About this exercise: Where the line containing "Maggie’s Cafi und" appears in the entries below, begin there and output every line through the last, exactly, minus the pictures.

▼

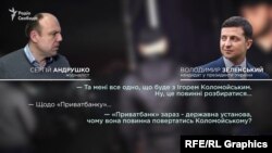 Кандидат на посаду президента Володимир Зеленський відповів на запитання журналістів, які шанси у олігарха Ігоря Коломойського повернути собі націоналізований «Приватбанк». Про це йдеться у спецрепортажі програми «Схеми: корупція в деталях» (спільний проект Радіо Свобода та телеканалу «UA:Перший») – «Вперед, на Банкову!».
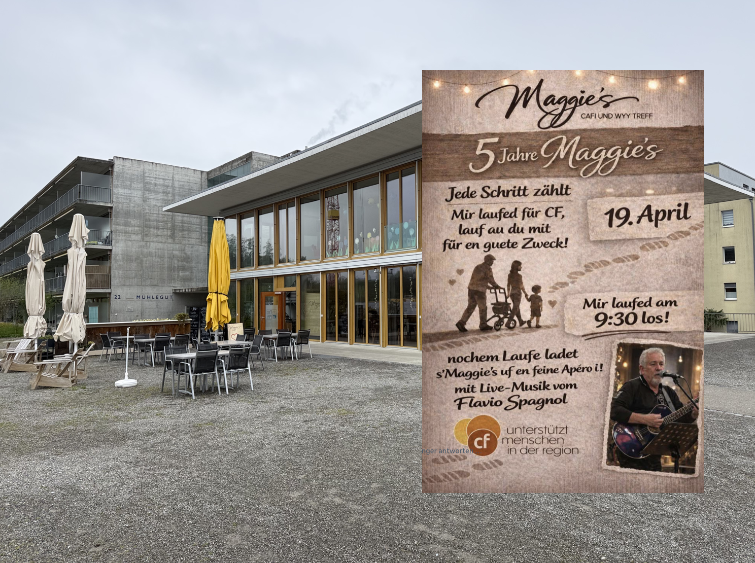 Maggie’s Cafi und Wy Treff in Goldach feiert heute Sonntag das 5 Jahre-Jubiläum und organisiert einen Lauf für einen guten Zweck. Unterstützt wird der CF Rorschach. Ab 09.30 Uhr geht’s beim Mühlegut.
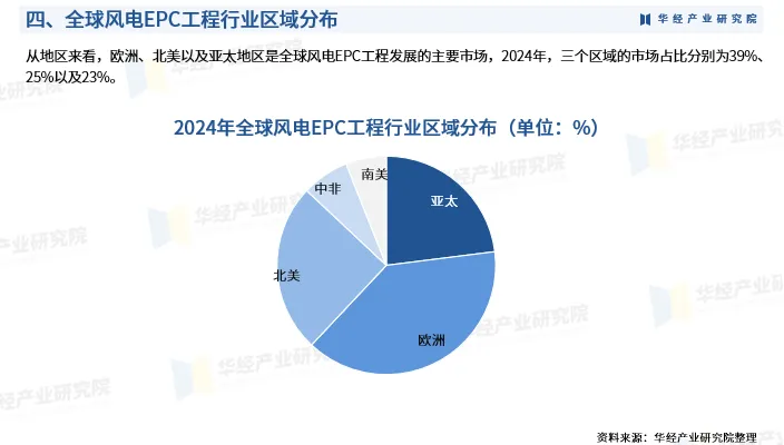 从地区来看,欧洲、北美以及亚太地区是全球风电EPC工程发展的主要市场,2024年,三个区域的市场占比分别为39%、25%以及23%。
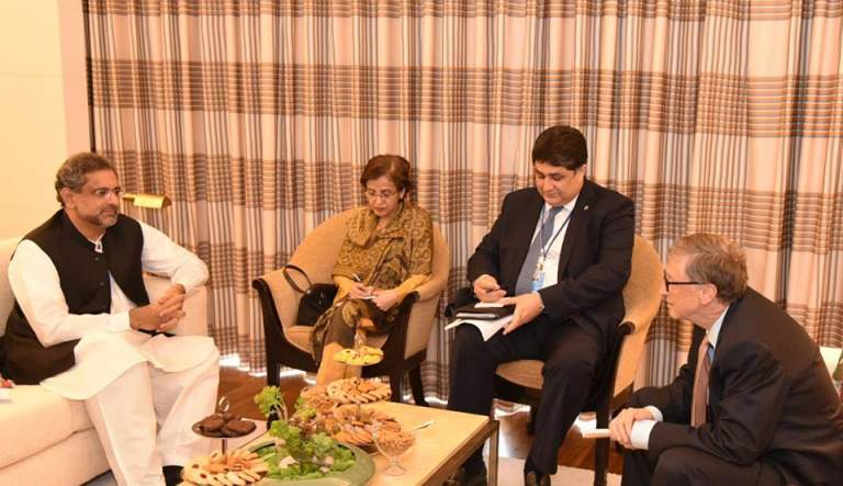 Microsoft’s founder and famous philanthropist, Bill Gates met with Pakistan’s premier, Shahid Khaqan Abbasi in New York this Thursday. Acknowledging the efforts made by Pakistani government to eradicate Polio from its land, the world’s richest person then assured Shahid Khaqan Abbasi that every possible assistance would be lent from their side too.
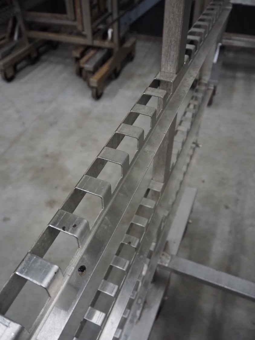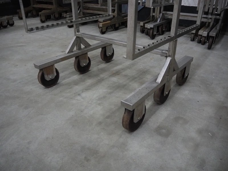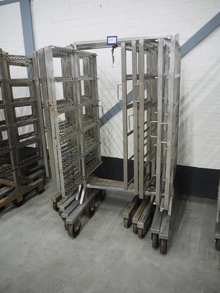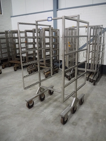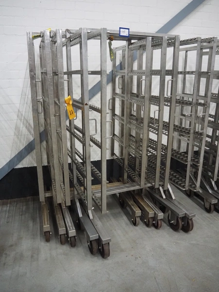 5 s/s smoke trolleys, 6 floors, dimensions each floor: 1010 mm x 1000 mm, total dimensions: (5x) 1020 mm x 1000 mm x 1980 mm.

▲

Solution to the problem:
 Maggie’s Cafi und Wy Treff in Goldach feiert heute Sonntag das 5 Jahre-Jubiläum und organisiert einen Lauf für einen guten Zweck. Unterstützt wird der CF Rorschach. Ab 09.30 Uhr geht’s beim Mühlegut.
 从地区来看,欧洲、北美以及亚太地区是全球风电EPC工程发展的主要市场,2024年,三个区域的市场占比分别为39%、25%以及23%。
 Microsoft’s founder and famous philanthropist, Bill Gates met with Pakistan’s premier, Shahid Khaqan Abbasi in New York this Thursday. Acknowledging the efforts made by Pakistani government to eradicate Polio from its land, the world’s richest person then assured Shahid Khaqan Abbasi that every possible assistance would be lent from their side too.
 5 s/s smoke trolleys, 6 floors, dimensions each floor: 1010 mm x 1000 mm, total dimensions: (5x) 1020 mm x 1000 mm x 1980 mm.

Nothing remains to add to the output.